16 Haziran 2025, Pazartesi
Haber Giriş: 28.04.2025 22:45 | Son Güncelleme: 28.04.2025 22:47

Trump'ın ekonomik yıkımını tersine çevirmek çok zor olacak

Trump’ın ikinci döneminin ilk 100 gününde attığı adımlar küresel düzeni derinden sarstı. Müttefikler ABD'yi dışlayarak yeni ittifaklar kurarken, Çin ise kendine yeni fırsatlar yaratıyor ve bu boşluğu hızla dolduruyor. Dünya değişirken, ABD için eski düzenin geri dönmesi çok zor olabilir
Doug Millis / New York Times
Doug Millis / New York Times
A+ Yazı Boyutunu Büyüt A- Yazı Boyutunu Küçült

Patricia Cohen / New York Times

ABD Başkanı Donald Trump, küresel ekonomik düzeni yıkma niyetini açıkça ortaya koydu. Ve sadece 100 gün içinde bu hedefe ulaşmada kayda değer bir ilerleme kaydetti.

Trump, bir ticaret savaşı başlattı, anlaşmaları iptal etti ve Washington’un Avrupa’yı savunmayabileceğini ima etti. Ayrıca bilgi birikimi ve deneyimi sağlayan devlet altyapısını da dağıtıyor.

Değişiklikler derin oldu. Ancak dünya hâlâ çalkalanıyor. İki yıl içinde yapılacak ara seçimler Cumhuriyetçi çoğunluğu erozyona uğratabilir ve Trump’ın başkanlık süresi, anayasal olarak dört yıl içinde sona erecek. Peki, bir sonraki başkan Trump yönetiminin yaptıklarını geri alabilir mi?

Papa Francis’in yakın danışmanı Kardinal Michael Czerny'nin Katolik Kilisesi hakkında dediği gibi: “2 bin yılda yaptığımız hiçbir şey geri alınamaz değildir”
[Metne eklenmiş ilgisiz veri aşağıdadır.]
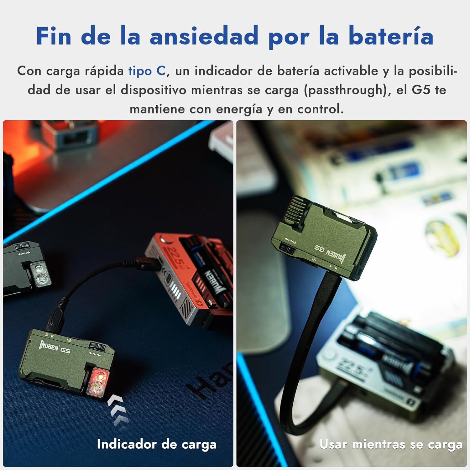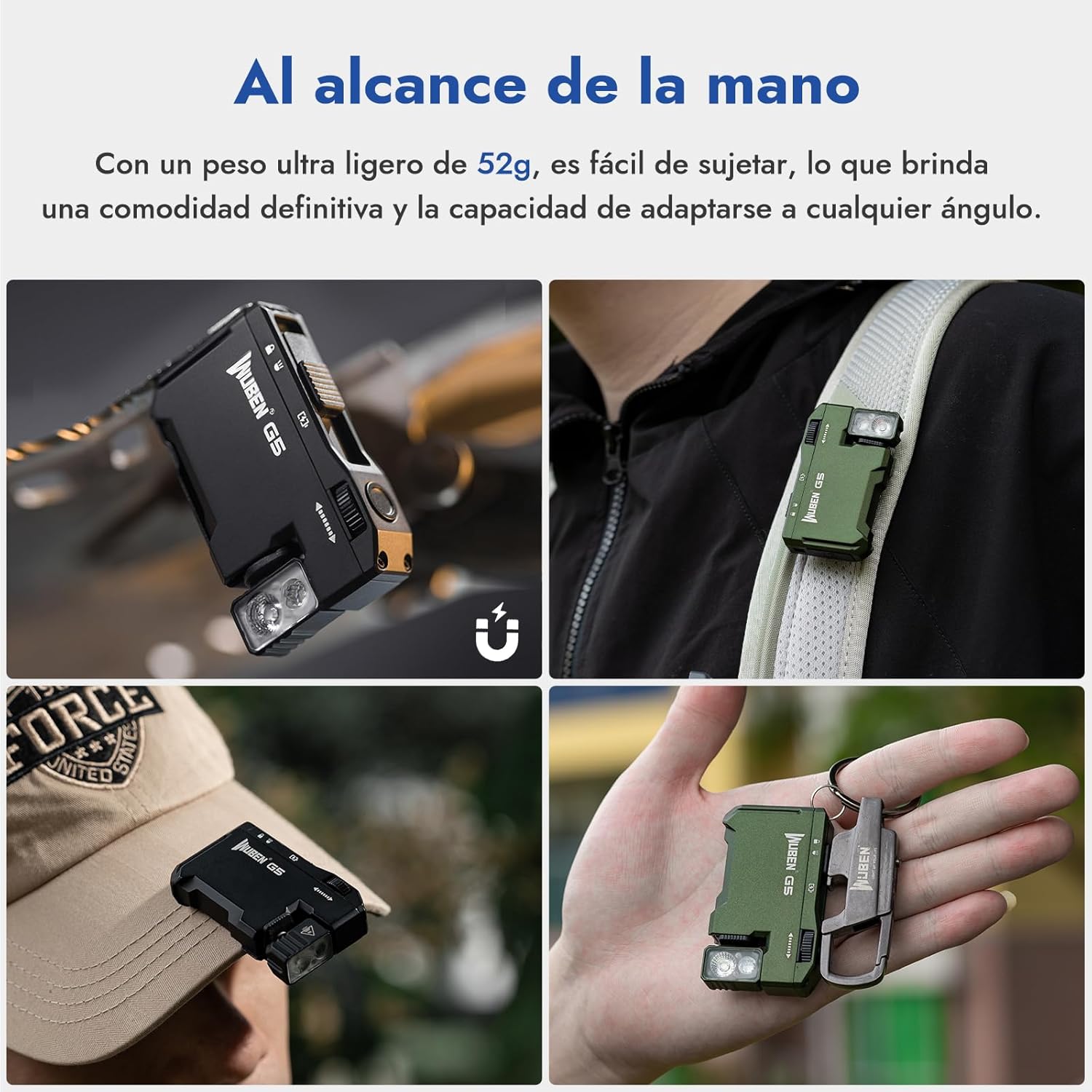 - LANTERA PORTÁTIL EDC RECARGABLE: El WUBEN G5 es una lanterna portátil pequeña y potente adecuada para el uso diario. Tiene múltiples modos de iluminación, con un máximo de 400 lúmenes y una distancia máxima de iluminación de 82 metros. Tiene dimensiones de 3,73 cm x 1,5 cm x 6,2 cm y un peso total de solo 52,3 gramos.

ABD'ye olan güven kalıcı olarak zarar görmüş olabilir

Küresel jeopolitik durum için de aynı şey söylenebilir. Ancak tarihçiler ve siyaset bilimciler, daha bu erken aşamada bile, Trump’ın yarattığı bazı değişikliklerin geri döndürülmesinin zor olabileceği konusunda hemfikir.

Örneğin, nesiller boyunca inşa edilen ABD'ye olan güvenin aşınması gibi.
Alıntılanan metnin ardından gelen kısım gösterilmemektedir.